Statistics and Data Science: A Modeling Approach
8.1 The Regression Line as a Model
Introducing the Regression Model
When both the outcome and explanatory variables are quantitative, we need a different kind of model. We can’t use the mean as a model, because we don’t have groups. Instead we use a line, the regression line.
The regression line has a lot more in common with the mean as a model than you might at first think. Both are mathematical objects constructed from data. The mean is easy to construct. The regression line is a little more difficult, but still simple to understand.
As you may recall from your previous study of algebra, the equation for a straight line is \(y=mx+b\). In statistics, we would say that the regression line is a two-parameter model, the parameters being the slope (m) and y-intercept (b). You may recall a teacher at some point telling you that the slope is the “rise over run” and the y-intercept is where the line crosses the y-axis (that is, the value of y when x is 0). Fitting the model, therefore, is a matter of finding the particular line (i.e., slope and intercept) that best fits the data.
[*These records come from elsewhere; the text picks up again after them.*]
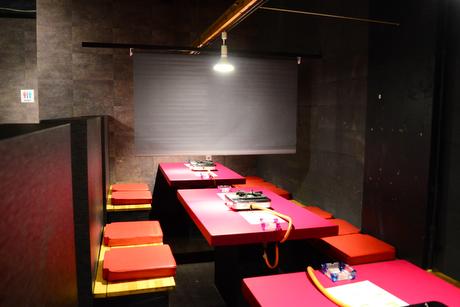 店舗面積は15坪。立ち飲み風席が50席、仕切りつきのテーブル席が16席。
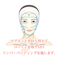 クリーナーの小さいマグネット部分にコットンを付け、楽花の化粧水を染みこませ、お肌全体をリンパ・パッティングします。顔にあるリンパが磁力に反応し血液の流れを良くし、リンパに溜まっている疲れを分解していくことによってリフトアップ効果も期待できます。くすみやこじわなどの原因になっている肌細胞の疲れ・老化・ストレスなどにも刺激を与え本来、肌細胞が持っている治癒能力を発揮します。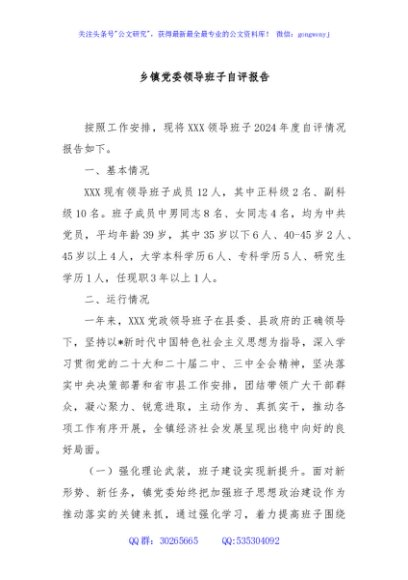 / 乡镇党委领导班子自评报告
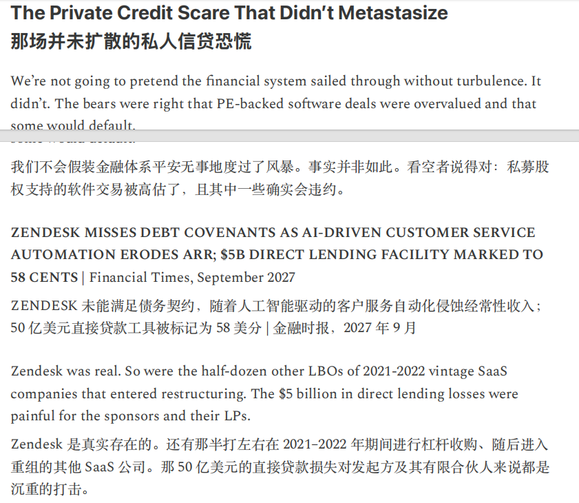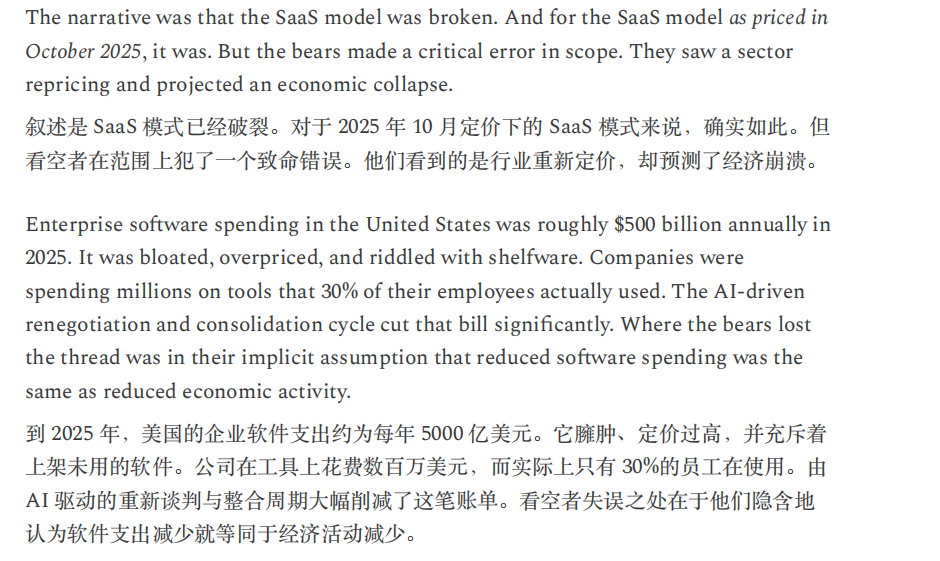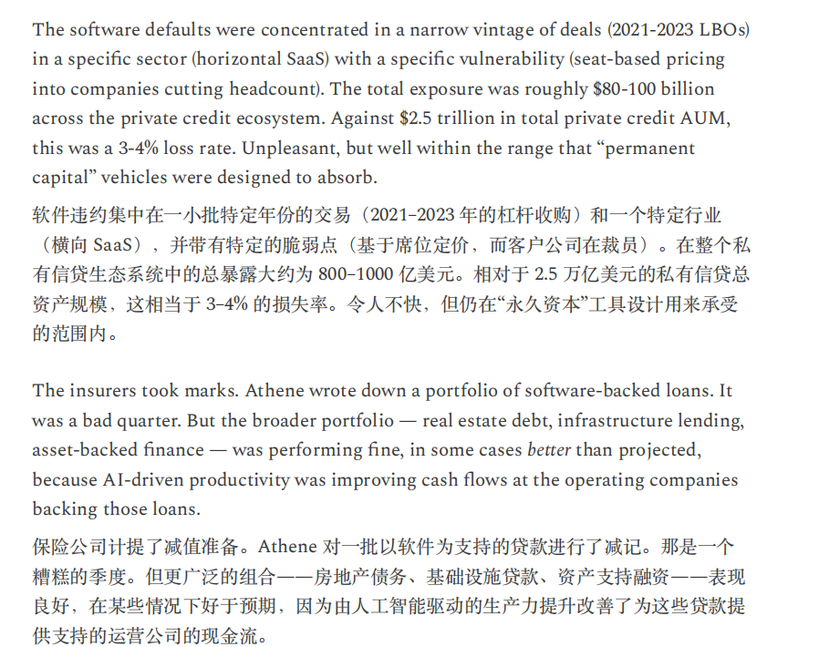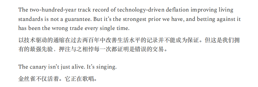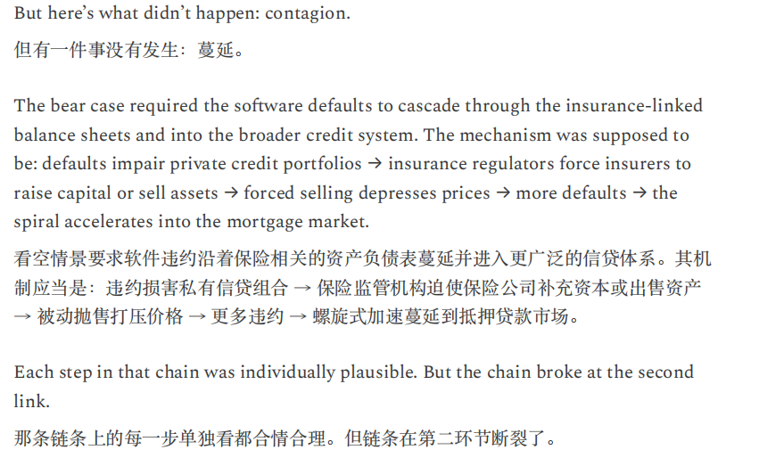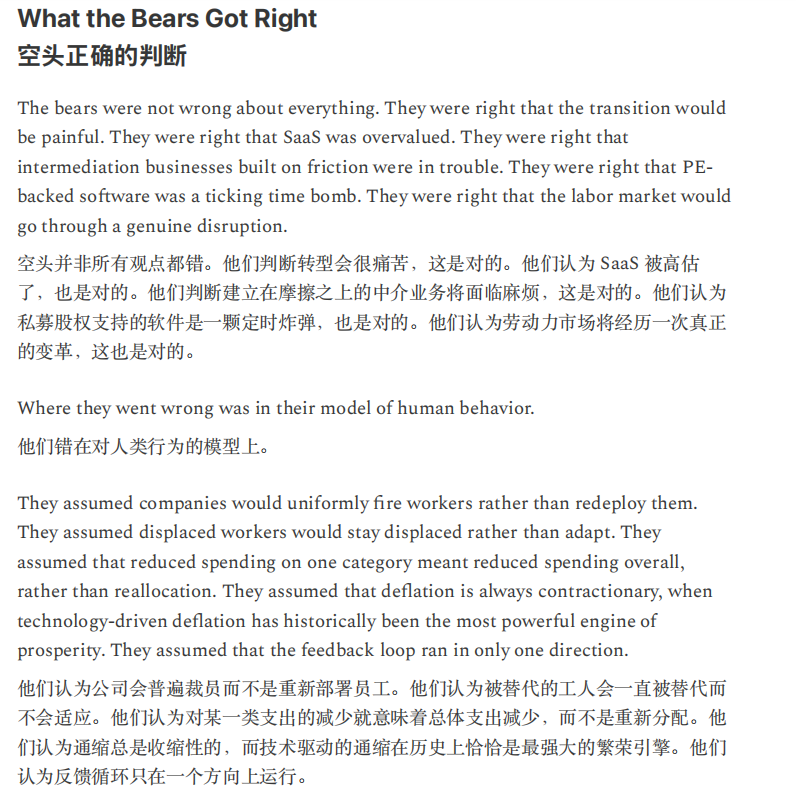 笔者认为,文中这种情况过于悲观且终局思维。就目前来看,美国劳动力市场稳健,AI裁员没有想象中厉害,甚至因为开发AI还造就了许多新岗位。经济增长稳健,非农生产率提高,代表AI确实对生产力提升有所贡献,而且占比不小。软件股确实面临冲击,但笔者认为哪怕按照没有甚至负增长来估值,价格也不贵,何况目前不存在直接亏损退市的风险。信贷市场则存在一些裂痕,也是需要注意监测的,但白宫给星际之门背书,AI巨头背靠国家队,如果暴雷有人兜底。通缩担忧更是过于夸张,现在美国通胀还持续高于预期和美联储目标,除非生产率一夜之间上涨几倍,不然现在的美国担忧通缩就像中国足球担忧奖杯太多陈列室放不下怎么办一样。

Both the mean and the regression line, when used as models, are used to generate predicted scores on the outcome variable, both for existing data points and for new observations that might be created in the future.
The two graphs below illustrate how these predictions work for the empty model (left) and the Height (regression) model (right).
In the left panel of the figure above, the blue horizontal line is drawn at the mean of the outcome variable, Thumb, representing the empty model. We have indicated the model prediction for each data point, represented as blue dots at the mean, directly above or below the data point.
Each blue dot represents a person’s height and predicted thumb length under the empty model. For example, one student has a height of 66 inches. Using the empty model, their predicted thumb length is the mean, or 62 millimeters. As you can see, under the empty model, every person has the same predicted thumb length: 62 millimeters.
On the right, in orange, we have drawn in the best-fitting regression line, which represents the Height model, over the same TinyFingers data points. (Don’t worry for now about how to find the best-fitting regression line; R will take care of that later.) Just as the mean is the best predictor of thumb length under the empty model, and the group means are the best predictions of thumb length under the Height2Group model, the regression line represents the best predictions under the Height model.
Under the Height model, we use information about each person’s height to predict their thumb length. The orange dots on the regression line represent the predicted values for each of the six data points in the TinyFingers data set. Notice that the orange dots differ depending on height. Thus, we predict a longer thumb for someone who is 68 inches than for someone 66 inches tall.
Notice that we can even predict different thumb lengths for values of height that do not exist in our data.
To predict the thumb length of someone 64 inches tall, find 64 inches on the x-axis (see the plot below). Then go up vertically to the regression line (the red dotted line) to find the model’s prediction. The red dot corresponds to the predicted thumb length for someone who is 64 inches tall: 60 mm.
If you didn’t know someone’s height, you would need to use the empty model, in which case, the mean of Thumb would be the best predictor of thumb length for everyone.
Defining Error Around the Regression Model
As we have said all along, all models are wrong. What we are looking for is simply a model that is better than nothing, or, as you might by now suggest, better than the empty model. Comparing error between the Height model and the empty model lets us see which model is less wrong.
Error, under both the empty mode and the regression model, is defined as the residual, or the observed score minus the score predicted by the model for each data point. Error in the empty model is the deviation of an observed score from the mean. Error in the regression model is the deviation of the observed score from the regression line, measured in vertical distance (see figure).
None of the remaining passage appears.